Your assignment = Copy each line below exactly as it appears. Pictures are to be omitted.

Top of Exercise data

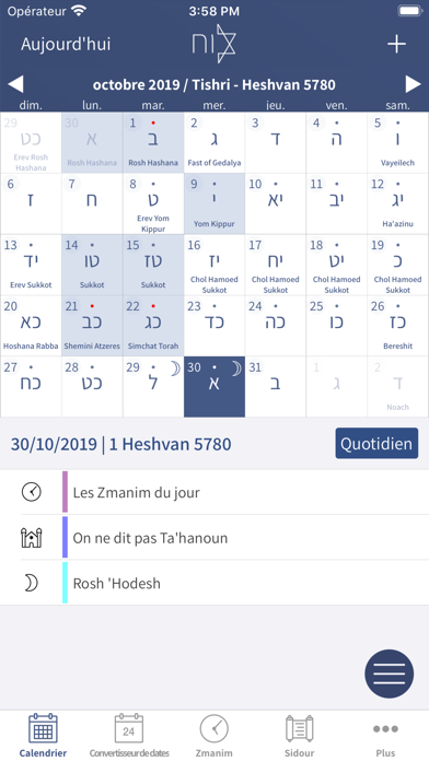 • Calendrier juif complet synchronisé avec votre calendrier local
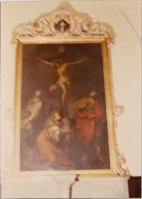 Ce tableau est d'inspiration italienne, produit localement. Il présente le Christ en croix avec sainte Marie-Madeleine agenouillée au pied de la croix, saint Jean-Baptiste et la Vierge, de part et d'autre de la croix. Le cadre, sculpté, est orné d'un fronton de feuillages avec une croix au centre, en médaillon.
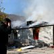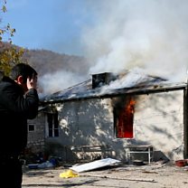 (Picture: A man reacts as he stands near a house set on fire by departing Ethnic Armenians in the village of Cherektar, in the region of Nagorno-Karabakh Credit: Reuters)
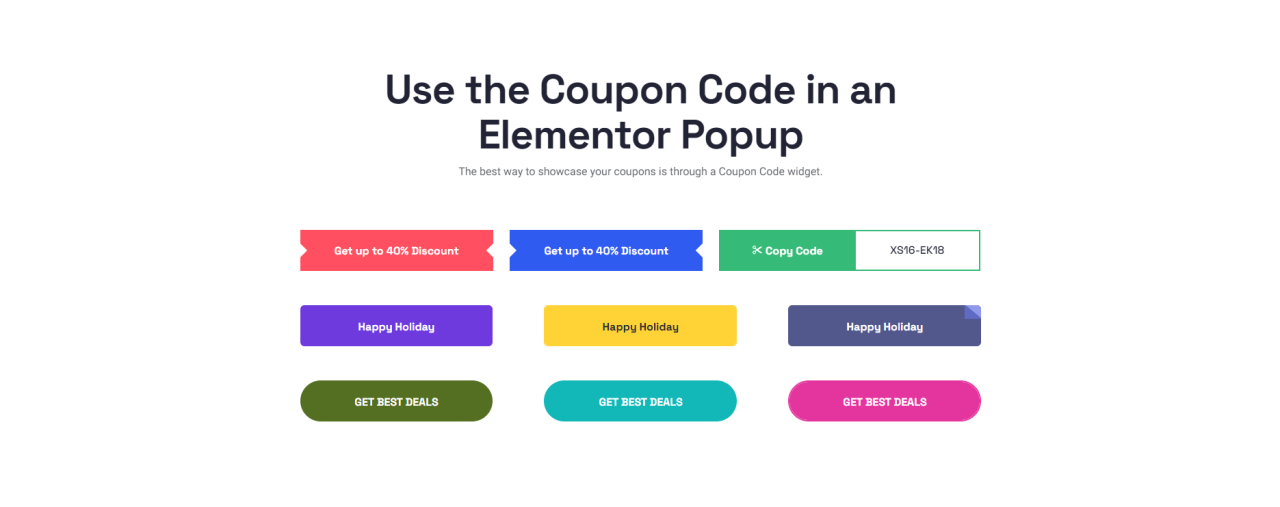 Use the Coupon Code in anElementor Popup The best way to showcase your coupons is through a Coupon Code widget. Get up to 40% Discount XS46-58XS-XS25 ElementsKit Coupon ElementsKit Coupon Code Widget To get started with a Coupon Code on-site. Copied! Copy Code Get up to 40% Discount XS46-58XS-XS25 XS16-EK18 Copy Code Happy Holiday XS456-58XS-XS25-XS55-X18 […]

Bottom of Exercise data

Response area =
 • Calendrier juif complet synchronisé avec votre calendrier local
 Ce tableau est d'inspiration italienne, produit localement. Il présente le Christ en croix avec sainte Marie-Madeleine agenouillée au pied de la croix, saint Jean-Baptiste et la Vierge, de part et d'autre de la croix. Le cadre, sculpté, est orné d'un fronton de feuillages avec une croix au centre, en médaillon.
 (Picture: A man reacts as he stands near a house set on fire by departing Ethnic Armenians in the village of Cherektar, in the region of Nagorno-Karabakh Credit: Reuters)
 Use the Coupon Code in anElementor Popup The best way to showcase your coupons is through a Coupon Code widget. Get up to 40% Discount XS46-58XS-XS25 ElementsKit Coupon ElementsKit Coupon Code Widget To get started with a Coupon Code on-site. Copied! Copy Code Get up to 40% Discount XS46-58XS-XS25 XS16-EK18 Copy Code Happy Holiday XS456-58XS-XS25-XS55-X18 […]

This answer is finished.